Only one span is wanted from the lines below: from the one with "首が痛くて上を向けない原因と" up to and including the one with "三厘SANKINGCPVC直接头管件管箍直通管套国美标". Copy it exactly, without images.

::: Records for the exercise

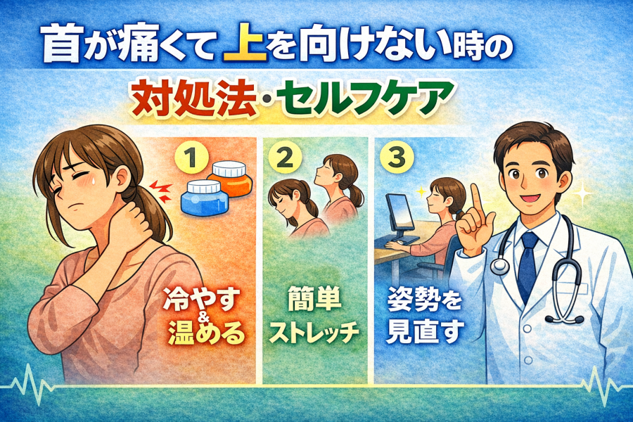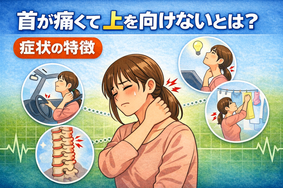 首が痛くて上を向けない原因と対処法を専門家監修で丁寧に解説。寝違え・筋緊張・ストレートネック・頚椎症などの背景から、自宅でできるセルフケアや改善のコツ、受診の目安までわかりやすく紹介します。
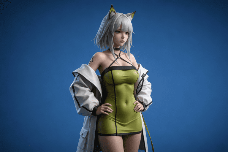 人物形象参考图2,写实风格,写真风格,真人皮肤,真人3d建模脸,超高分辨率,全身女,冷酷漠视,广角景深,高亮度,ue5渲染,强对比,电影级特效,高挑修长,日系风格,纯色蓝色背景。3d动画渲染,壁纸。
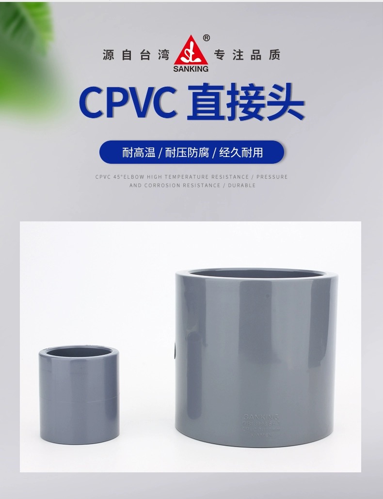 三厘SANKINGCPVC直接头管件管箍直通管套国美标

::::::
::: Records for the exercise

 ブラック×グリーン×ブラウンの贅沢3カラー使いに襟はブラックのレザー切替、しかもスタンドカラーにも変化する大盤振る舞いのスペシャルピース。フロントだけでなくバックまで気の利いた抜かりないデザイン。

::::::

Written response →
 首が痛くて上を向けない原因と対処法を専門家監修で丁寧に解説。寝違え・筋緊張・ストレートネック・頚椎症などの背景から、自宅でできるセルフケアや改善のコツ、受診の目安までわかりやすく紹介します。
 人物形象参考图2,写实风格,写真风格,真人皮肤,真人3d建模脸,超高分辨率,全身女,冷酷漠视,广角景深,高亮度,ue5渲染,强对比,电影级特效,高挑修长,日系风格,纯色蓝色背景。3d动画渲染,壁纸。
 三厘SANKINGCPVC直接头管件管箍直通管套国美标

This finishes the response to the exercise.